I work on a python based video downloader/player and I'm working on
replacing a pickle based on disk database with a berkely db with a
pickle per object (so that I can update each object without having to
rewrite the whole database.)
So, I started by creating my database without using any of the
transaction stuff, but then I had some corruption problems. So I
turned on transactions and logging and such, and now it seems to be
proof against crashing, but the log files get very large very fast. As
in 450MB within an hour or two of actively using the program.
The question is, what am I doing wrong and how do I fix it? Creating
such a huge database is not acceptable, and neither is losing data.
Can berkeley-db fill my needs in this case?

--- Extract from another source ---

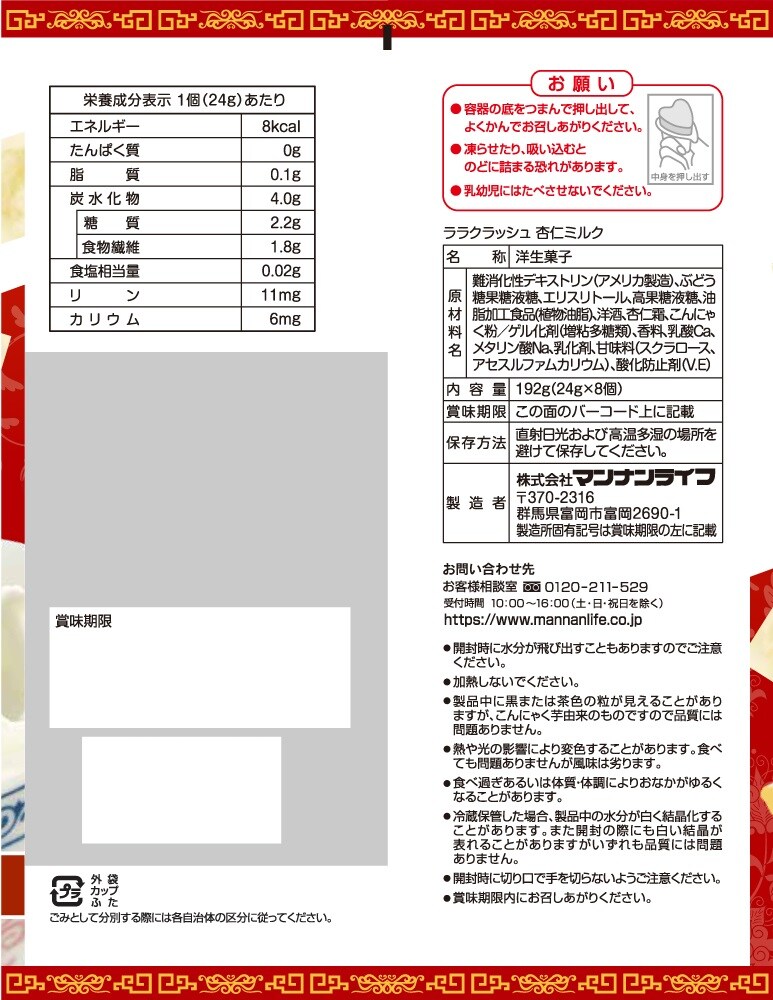 - ・ララクラッシュ 杏仁ミルク 192g(24g×8個)×12袋 (賞味期限:2023/01/02)

So, how do I currently create the database? I create the dbenv and I
call set_flags with DB_AUTO_COMMIT | DB_TXN_NOSYNC. Then I open the
environment with DB_INIT_LOG | DB_INIT_MPOOL | DB_INIT_TXN | DB_RECOVER
Quote:
DB_CREATE. After that, I open the database with no flags. If that
fails, I open the database with flags=DB_CREATE and dbtype=DB_HASH.
|
I use a transaction the first time I create the database, but after
that I depend on DB_AUTO_COMMIT. I use a cursor when loading the
database, but close it when done.
My behavior during use consists of lots and lots of writing of the same
key with updating values.
Finally, I close the db and the dbenv on program shutdown.